Economists agree rent control doesn't work; California passes sweeping rent control ordinance anyways

Despite a broad consensus among economists and overwhelming evidence that rent control actually makes housing more expensive, California state government passed a sweeping new rent control ordinance this month. John Phelan of the Foundation for Economic Education surveys the damage he thinks is likely to occur.

Rent controls propose using government regulation to solve the symptom—high prices—of a problem—a shortage of housing—which government regulation created in the first place. As public policy, it as ineffective as trying to take down a tornado with a Colt Python. …

In 2012, economists were polled with the following question:

Local ordinances that limit rent increases for some rental housing units, such as in New York and San Francisco, have had a positive impact over the past three decades on the amount and quality of broadly affordable rental housing in cities that have used them.

Eighty-one percent of them disagreed. …

Why are economists so overwhelmingly against rent controls? One reason is that they mistake the symptom for the problem. …

[R]ent control will do nothing whatsoever for [the homeless]. The problem, remember, is too many people wanting to live in a given stock of housing. Capping the price of that housing by government decree will do nothing to solve that problem. What would help is getting rid of the government regulations that restrict the supply of housing.

Prices are not problems; they are signals of problems. Trying to solve the problem by treating the signal is like trying to slow down your car by fiddling with the speedometer. …

[Editor’s note: Additionally,economists overwhelmingly oppose rent controls because they always have unintended consequences. Rent controls are the opposite of minimum wage laws. Where minimum wage laws are price floors, rent controls are price ceilings.]

Economic theory is pretty clear about what the effects of a price ceiling will be. As Figure 1 shows, at equilibrium rents are $600, and 300 units of housing are both supplied and demanded. If you cap the rent at $400, however, you decrease the number of homes supplied to 200 and increase the number of homes demanded to 400. You now have an excess of demand over supply of 200 (demand of 400 minus supply of 200). If you were motivated by a concern for a shortage of housing, congratulations, you just made it worse. It wasn’t intended, but it was a consequence.

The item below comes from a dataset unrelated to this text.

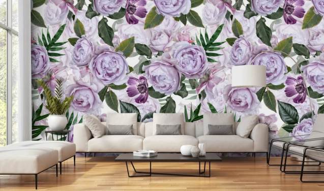 carta da parati con fiori viola e bianco sporco

This graph depicts the effects of an effective price ceiling in a competitive market.

This graph depicts the effects of an effective price ceiling in a competitive market.

This might sound a little wacky. How can the supply of housing fall? Landlords don’t demolish their houses in response to a fall in rents, so shouldn’t the demand curve be vertical? In this case, a reduction in rents would see no consequent fall in the number of homes available.

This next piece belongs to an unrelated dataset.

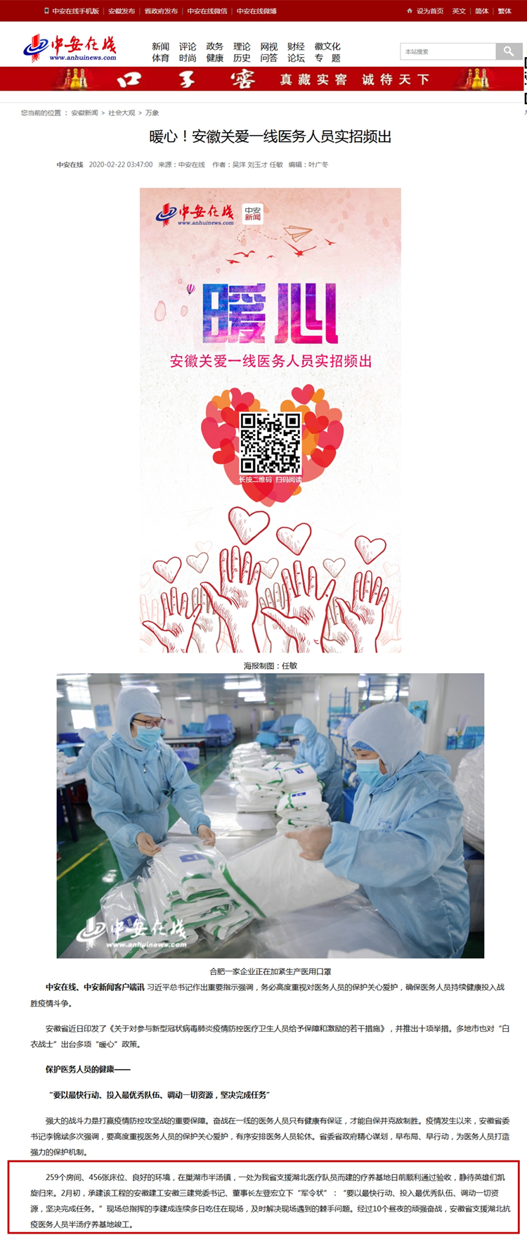 中安在線、央廣網、中新網、國際在線——暖心!安徽關愛一線醫務人員實招頻出 發布時間:2020-02-26 來源:中安在線、央廣網、中新網、國際在線 撰稿人: 瀏覽次數:16048 網址鏈接: 中安在線:http://ah.anhuinews.com/system/2020/02/22/008352394.shtml 央廣網:http://news.cnr.cn/native/gd/20200222/t20200222_524987284.shtml 中新網:http://www.chinanews.com/sh/2020/02-22/9101239.shtml 國際在線: http://news.cri.cn/20200222/6faa4074-5d1b-ef06-5944-b8a7ca8d5931.html

But, wacky as it might sound, the supply of housing is responsive to price changes⁠—it is “price elastic,” in the jargon. An old but excellent and still sadly relevant book titled Verdict on Rent Control examines episodes from a number of countries and finds:

[I]n every country examined, the introduction and continuance of rent control/restriction/regulation has done much more harm than good in rental housing markets—let alone the economy at large—by perpetuating shortages, encouraging immobility, swamping consumer preferences, fostering dilapidation of housing stocks and eroding production incentives, distorting land-use patterns and the allocation of scarce resources—and all in the name of the distributive justice it has manifestly failed to achieve.